At issue is the use of flammable aluminium composite cladding, which is made from two skins of aluminium with a fibrous polyethylene material in the middle.

The added danger from inadequate fire safety system maintenance has increased the urgency of the need to replace the cladding in as many as 12,000 apartment buildings in Australia.

It’s an issue Westpac would like to see resolved. “We are aware of the issues around cladding and take these very seriously,” says Peter Spiller, National Head of Property Risk at Westpac, who has been working on the cladding problem in the wake of the Grenfell fire and spoke at a recent industry conference on the issue.

“Transparency and clarity will give home owners and residents greater peace of mind, so we are very supportive of the property sector, government, and banks working together to solve this issue as quickly as possible.”

Many safety issues

For Barnett, the extent of the danger in Australia became apparent when Basic Expert inspected the Neo 200 building in the wake of the February fire and discovered a large number of serious safety failings.

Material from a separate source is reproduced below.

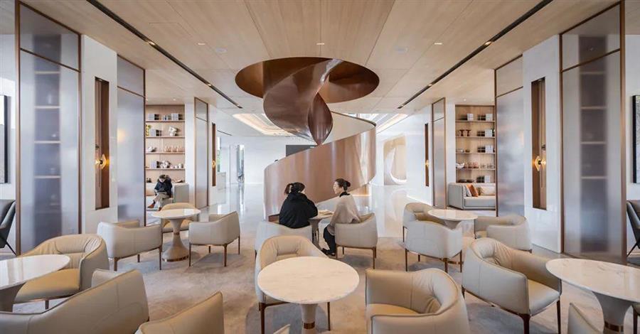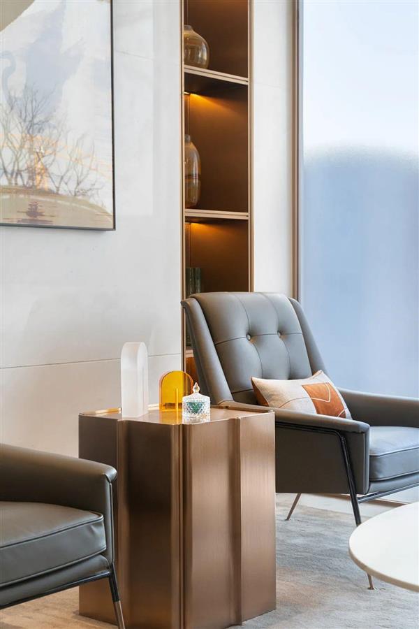 洽談區(qū)選用 Tocsconova的白色真皮座椅,點(diǎn)綴“鷺腳”椅腿和"樹枝"燈具等線性要素,營(yíng)造出舒適溫暖又精致的空間氛圍。兩側(cè)卡座作為深度洽談區(qū),用夾絲玻璃移門隔出,兼顧了私密性和通透感。

The fire in the 41-storey building in Melbourne’s Spencer Street most likely began when a resident threw a cigarette butt and it landed in a cardboard box on a lower balcony and then spread to that apartment’s cladding. Barnett notes that just 1.5 per cent of the Neo building’s upper level external walls are covered in cladding, but in the six minutes it took for the fire brigade to arrive and get upstairs, the fire had spread to five floors.

While Barnett describes that incident as “pretty minor”, the maintenance failings had rendered the building vulnerable to a much bigger fire.

The batteries in the fire indicator panel (FIP), which controls fire alarms through the building, had been flat for about four years and were leaking acid. There were numerous maintenance issues in the sprinkler pump room, which could have led to a compromised sprinkler and internal hydrant system.

Further, each apartment had a smoke detector, which was meant to be connected to the building’s central alarm system. But when the alarms were replaced after 10 years, most of the replacements were not compatible with the alarm system – meaning residents in these apartments wouldn’t receive alerts about a building fire, and a fire in their apartments wouldn’t trigger the central alarm system.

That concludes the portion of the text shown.